What needs to be done: Would you transcribe the whole listing exactly and drop its images?

*** Given material ***

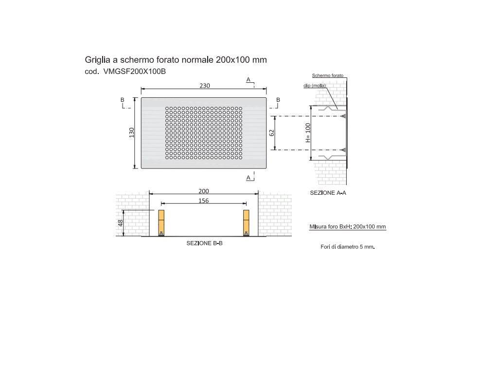 Stenový difúzor s bielou perforovanou čelnou doskou 200x100
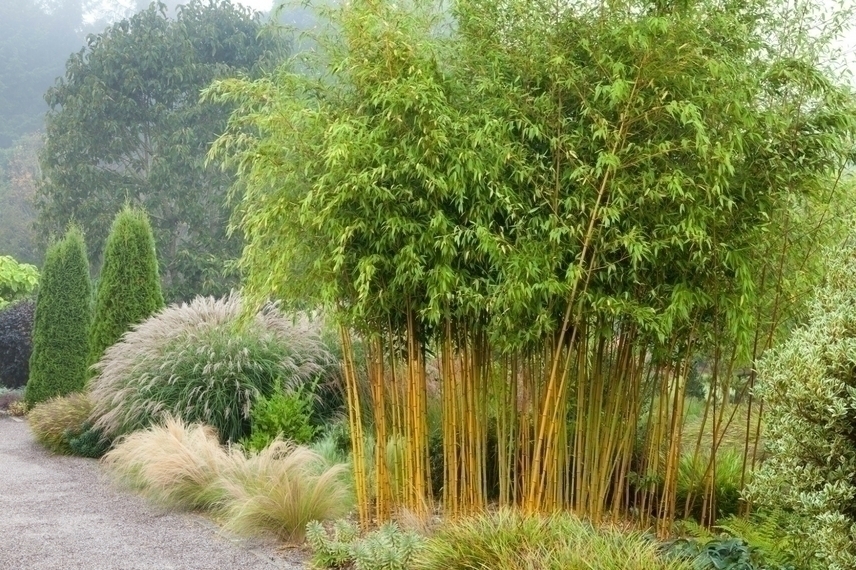 Phyllostachys aureosulcata ‘Aureocaulis’ en premier plan en compagnie de Miscanthus sinensis et Stipa tenuifolia (Copyright: Richard Bloom/ GAP Photos)
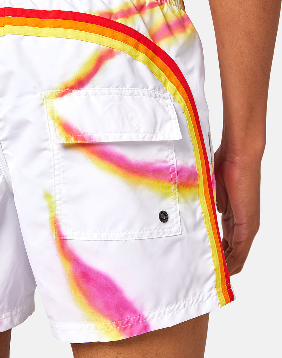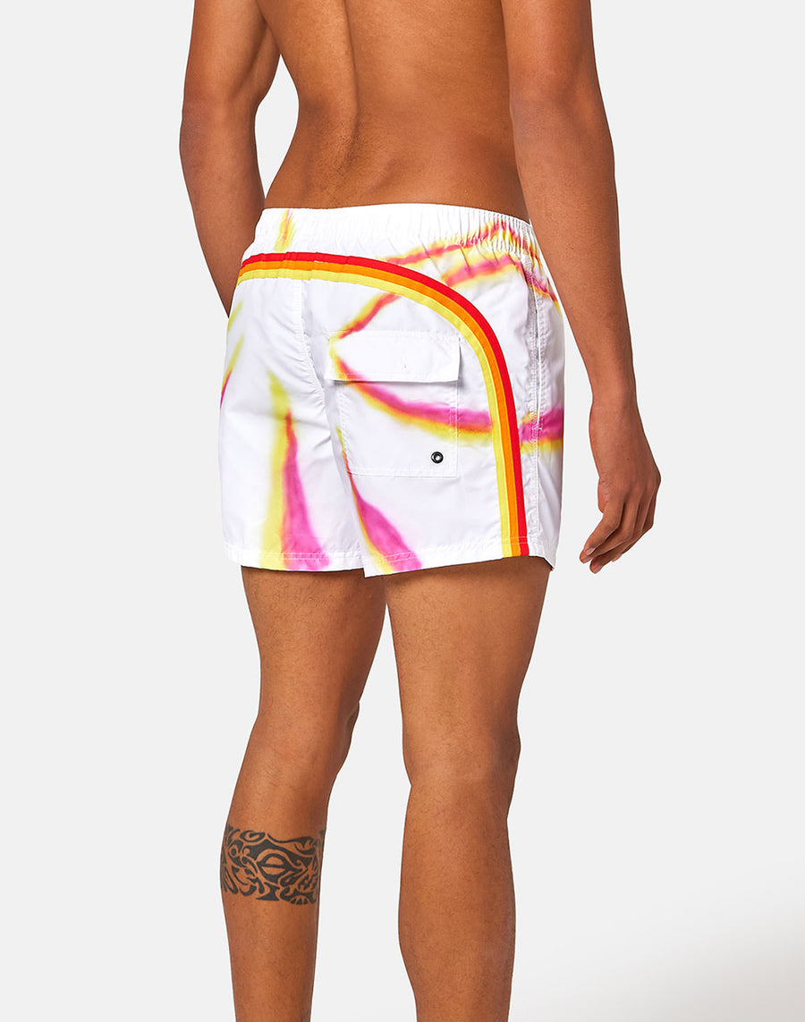 Boardshorts con motivo especial tie-dye, tratados y teñidos con técnicas artesanales. El tejido histórico y la confección del modelo lo hacen ultrarresistente temporada tras temporada.
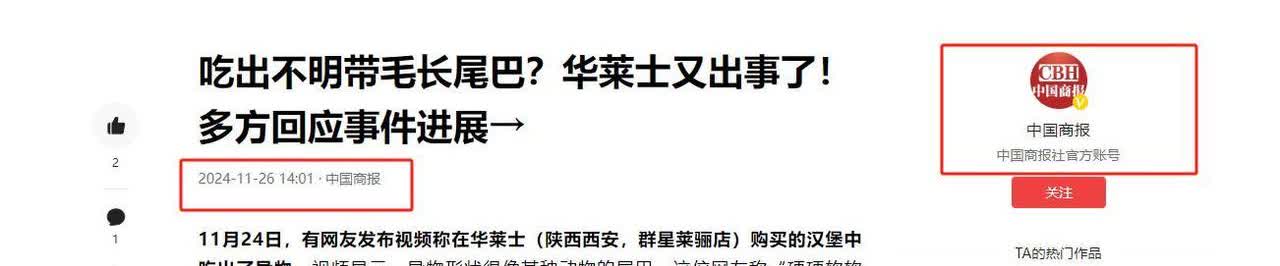 太吓人了!2024年,西安,一女子在华莱士买了个汉堡,咬了一口没咬动,口感也不对劲,女子仔细一看,竟然是一个不明物体,上面有毛孔,看起来像极了尾巴,店家:是速冻品,还在等待化验结果。 2024年,有个西安姑娘在华莱士买了个汉堡吃,结果吃出了大问题,这事儿让大家都开始关心起食品安全来。 这姑娘平时就爱去华莱士,因为那儿的东西不贵,味道也还行,解决一餐挺方便的。但这次她一口咬下去,就觉得不对劲,汉堡里硬邦邦的,还有股怪味。她赶紧停下来,把汉堡掰开一看,妈呀,里面竟然有个不知道是啥的东西,看着像根带毛的尾巴。姑娘当时就想吐,赶紧拍了照,找店家要十倍赔偿,算下来就是300块钱。 可店家呢,一点都不着急,说汉堡里的材料都是冷冻的,跟他们店没关系,得等化验结果。说白了,就是想把责任推到供应商头上,自己啥责任都不想担。姑娘觉得特别委屈,这事儿上了网以后,一下子就火了,“汉堡尾巴”都成了大家担心食品安全的代名词。这事儿不是头一遭了。最近几年,吃的东西里老发现奇怪的东西,可消费者想维权却特别不容易。速冻食品管理上有漏洞,企业也不把食品安全当回事儿,维权的步骤还特别麻烦,这些问题都暴露出来了。 现在,这事儿还在查呢,有关部门已经插手了。不过这场闹剧给咱们提了个醒:食品安全,跟咱每个人都息息相关,谁也躲不掉。

*** End of Given material ***

Written solution:
 Stenový difúzor s bielou perforovanou čelnou doskou 200x100
 Phyllostachys aureosulcata ‘Aureocaulis’ en premier plan en compagnie de Miscanthus sinensis et Stipa tenuifolia (Copyright: Richard Bloom/ GAP Photos)
 Boardshorts con motivo especial tie-dye, tratados y teñidos con técnicas artesanales. El tejido histórico y la confección del modelo lo hacen ultrarresistente temporada tras temporada.
 太吓人了!2024年,西安,一女子在华莱士买了个汉堡,咬了一口没咬动,口感也不对劲,女子仔细一看,竟然是一个不明物体,上面有毛孔,看起来像极了尾巴,店家:是速冻品,还在等待化验结果。 2024年,有个西安姑娘在华莱士买了个汉堡吃,结果吃出了大问题,这事儿让大家都开始关心起食品安全来。 这姑娘平时就爱去华莱士,因为那儿的东西不贵,味道也还行,解决一餐挺方便的。但这次她一口咬下去,就觉得不对劲,汉堡里硬邦邦的,还有股怪味。她赶紧停下来,把汉堡掰开一看,妈呀,里面竟然有个不知道是啥的东西,看着像根带毛的尾巴。姑娘当时就想吐,赶紧拍了照,找店家要十倍赔偿,算下来就是300块钱。 可店家呢,一点都不着急,说汉堡里的材料都是冷冻的,跟他们店没关系,得等化验结果。说白了,就是想把责任推到供应商头上,自己啥责任都不想担。姑娘觉得特别委屈,这事儿上了网以后,一下子就火了,“汉堡尾巴”都成了大家担心食品安全的代名词。这事儿不是头一遭了。最近几年,吃的东西里老发现奇怪的东西,可消费者想维权却特别不容易。速冻食品管理上有漏洞,企业也不把食品安全当回事儿,维权的步骤还特别麻烦,这些问题都暴露出来了。 现在,这事儿还在查呢,有关部门已经插手了。不过这场闹剧给咱们提了个醒:食品安全,跟咱每个人都息息相关,谁也躲不掉。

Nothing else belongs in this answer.